Here we define the model, loss function, optimizer and optionally a learning rate scheduler.

In [None]:
INPUT_SIZE  = (2*config['context'] + 1) * 28 # Why is this the case?
model       = Network(INPUT_SIZE, len(train_data.phonemes)).to(device)
summary(model, frames.to(device))
# Check number of parameters of your network
# Remember, you are limited to 20 million parameters for HW1 (including ensembles)

----------------------------------------------------------------------------------------------------
Layer                   Kernel Shape         Output Shape         # Params (K)      # Mult-Adds (M)
0_Linear                 [1428, 512]          [2048, 512]               731.65                 0.73
1_BatchNorm1d                  [512]          [2048, 512]                 1.02                 0.00
2_ReLU                             -          [2048, 512]                    -                    -
3_Dropout                          -          [2048, 512]                    -                    -
4_Linear                 [512, 1024]         [2048, 1024]               525.31                 0.52
5_BatchNorm1d                 [1024]         [2048, 1024]                 2.05                 0.00
6_ReLU                             -         [2048, 1024]                    -                    -
7_Dropout                          -         [2048, 1024]                    -                    -

In [None]:
#Train with AMP
def train(model, dataloader, optimizer, criterion):
    model.train()
    tloss, tacc = 0, 0  # Monitoring loss and accuracy
    batch_bar = tqdm(total=len(train_loader), dynamic_ncols=True, leave=False, position=0, desc='Train')

    # Initialize GradScaler for AMP
    scaler = torch.cuda.amp.GradScaler()

    for i, (frames, phonemes) in enumerate(dataloader):

        ### Initialize Gradients
        optimizer.zero_grad()

        ### Move Data to Device (Ideally GPU)
        frames = frames.to(device)
        phonemes = phonemes.to(device)

        # Use AMP autocast for the forward pass to utilize mixed precision
        with torch.cuda.amp.autocast():
            ### Forward Propagation
            logits = model(frames)

            ### Loss Calculation
            loss = criterion(logits, phonemes)

        ### Backward Propagation using scaled loss
        scaler.scale(loss).backward()

        ### Gradient Descent (unscaled)
        scaler.step(optimizer)

        # Update the scaler for the next iteration
        scaler.update()

        tloss += loss.item()
        tacc += torch.sum(torch.argmax(logits, dim=1) == phonemes).item() / logits.shape[0]

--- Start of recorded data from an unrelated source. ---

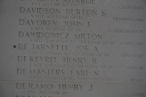 De Jarnette’s name is recorded on the Walls of the Missing at Netherlands American Cemetery. A rosette is placed next to his name to indicate he has been accounted for.
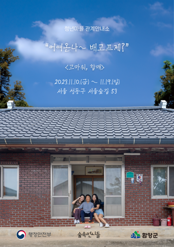 [금요저널] 행정안전부는 11월 10일부터 11월 19일까지, 서울 성수동에서 경남 함양 ‘고마워, 할매’‘청년마을 관계안내소’를 운영한다고 밝혔다.
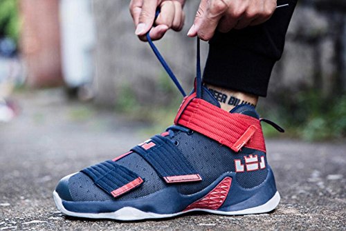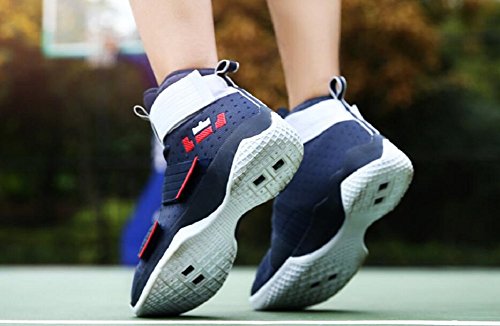 Men's Basketball Shoes For Women's Performance Sports Velcro Sneakers By JiYe,Blue Red,Foot Length 27.5CM

        batch_bar.set_postfix(loss="{:.04f}".format(float(tloss / (i + 1))),
                              acc="{:.04f}%".format(float(tacc * 100 / (i + 1))))
        batch_bar.update()

        ### Release memory
        del frames, phonemes, logits
        torch.cuda.empty_cache()

    batch_bar.close()
    tloss /= len(train_loader)
    tacc /= len(train_loader)

    return tloss, tacc


In [None]:
criterion = torch.nn.CrossEntropyLoss() # Defining Loss function.
# We use CE because the task is multi-class classification

optimizer = torch.optim.Adam(model.parameters(), lr= config['init_lr']) #Defining Optimizer
# Recommended : Define Scheduler for Learning Rate,
# including but not limited to StepLR, MultiStep, CosineAnnealing, CosineAnnealingWithWarmRestarts, ReduceLROnPlateau, etc.
# You can refer to Pytorch documentation for more information on how to use them.
# Is your training time very high?
# Look into mixed precision training if your GPU (Tesla T4, V100, etc) can make use of it
# Refer - https://pytorch.org/docs/stable/notes/amp_examples.html

In [None]:
from torch.optim.lr_scheduler import ReduceLROnPlateau

scheduler = ReduceLROnPlateau(optimizer, mode='min', factor=0.1, patience=5, verbose=True)

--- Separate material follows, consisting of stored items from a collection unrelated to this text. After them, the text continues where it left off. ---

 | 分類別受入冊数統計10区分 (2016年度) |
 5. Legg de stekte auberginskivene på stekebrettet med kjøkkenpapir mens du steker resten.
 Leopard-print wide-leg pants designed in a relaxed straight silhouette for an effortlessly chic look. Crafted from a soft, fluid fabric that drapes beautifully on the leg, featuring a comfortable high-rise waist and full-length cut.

# Training and Validation Functions

This section covers the training, and validation functions for each epoch of running your experiment with a given model architecture. The code has been provided to you, but we recommend going through the comments to understand the workflow to enable you to write these loops for future HWs.

In [None]:
torch.cuda.empty_cache()
gc.collect()

30

In [None]:
def train_given(model, dataloader, optimizer, criterion):

    model.train()
    tloss, tacc = 0, 0 # Monitoring loss and accuracy
    batch_bar   = tqdm(total=len(train_loader), dynamic_ncols=True, leave=False, position=0, desc='Train')

    for i, (frames, phonemes) in enumerate(dataloader):

        ### Initialize Gradients
        optimizer.zero_grad()

        ### Move Data to Device (Ideally GPU)
        frames      = frames.to(device)
        phonemes    = phonemes.to(device)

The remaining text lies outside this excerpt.